Arranca el juicio contra celador de Olot, acusado de asesinar a once ancianos

El abogado del celador de Olot (Girona), Carles Monguilod, ha asegurado que su cliente acusado de asesinar a 11 ancianos, Joan Vila, "está arrepentido" y que no pasa un día en que no piense en las víctimas del geriátrico de La Caritat.
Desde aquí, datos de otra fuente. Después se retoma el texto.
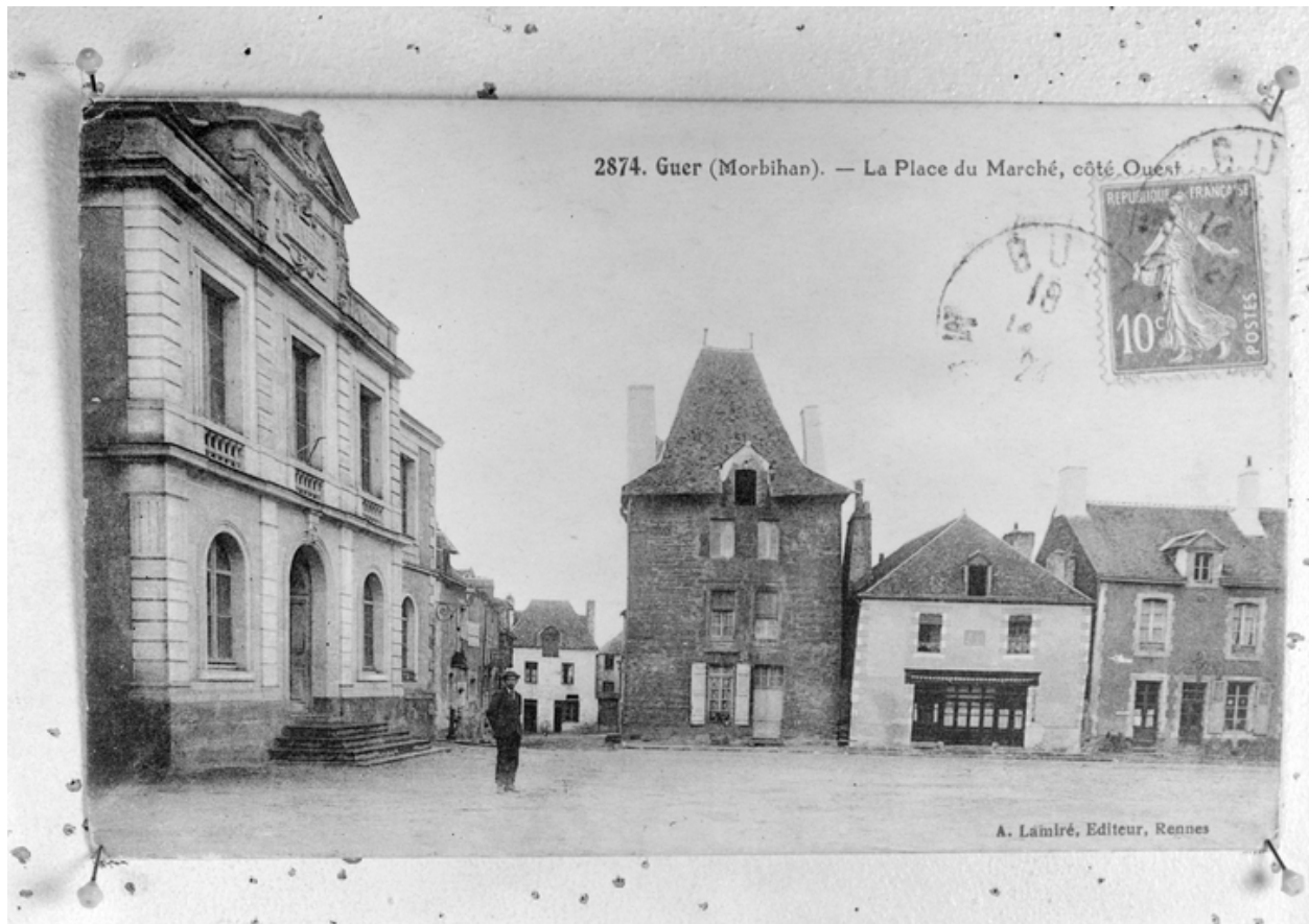
La place du marché, côté ouest

Monguilod ha hecho estas declaraciones antes de entrar en el Palacio de Justicia de Girona, donde este lunes empieza el juicio oral contra Vila, que se prolongará hasta el 7 de junio, cuando se entregará al jurado popular el objeto del veredicto.

De hecho, esta mañana se escoge el tribunal popular encargado de juzgar a Joan Vila; quien declarará esta tarde ante el magistrado y los once miembros del jurado --nueve titulares más dos suplentes--.

"El ahora lo ve diferente porque ha estado en tratamiento, pero cuando él explica qué pensaba y qué sentía en el momento en el cual lo hacía, cuenta que lo veía como una cosa buena, y por ello no podía hablar de estar arrepentido, pero con la perspectiva de ahora claro asegura que está arrepentido y no pasa un día en que no piense en los ancianos porque los quería", ha expuesto el letrado.

SE ENSAÑÓ CON TRES VÍCTIMAS

Monguilod ha reconocido que hasta a él le sorprende que Vila diga que quería a sus víctimas, ya que las mató y al menos con tres de ellas se ensañó; de hecho, el abogado ha afirmado que el celador no sabe dar una explicación al cambio de método -primero mataba con sobredosis de insulina o con mezcla de medicamentos, pero a las tres últimas víctimas le dio productos cáusticos- y quiere que se lo expliquen los psiquiatras.

Finalmente, el abogado defensor ha querido dejar claro que en ningún caso se está hablando de muertes por eutanasia, aunque su cliente tuviera esta sensación o percepción porque sus víctimas eran gente muy mayor y con problemas de salud.

Vila se enfrenta a una pena de 194 años de cárcel, según la petición del fiscal, Enrique Barata, que le acusa de once asesinatos con alevosía y tres de estos once con ensañamiento, al haberles suministrado productos cáusticos a sus víctimas.

Monguilod, pide que el excelador sea condenado a libertad vigilada un máximo de 20 años, mientras que las acusaciones particulares reclaman un total de 202 años de prisión.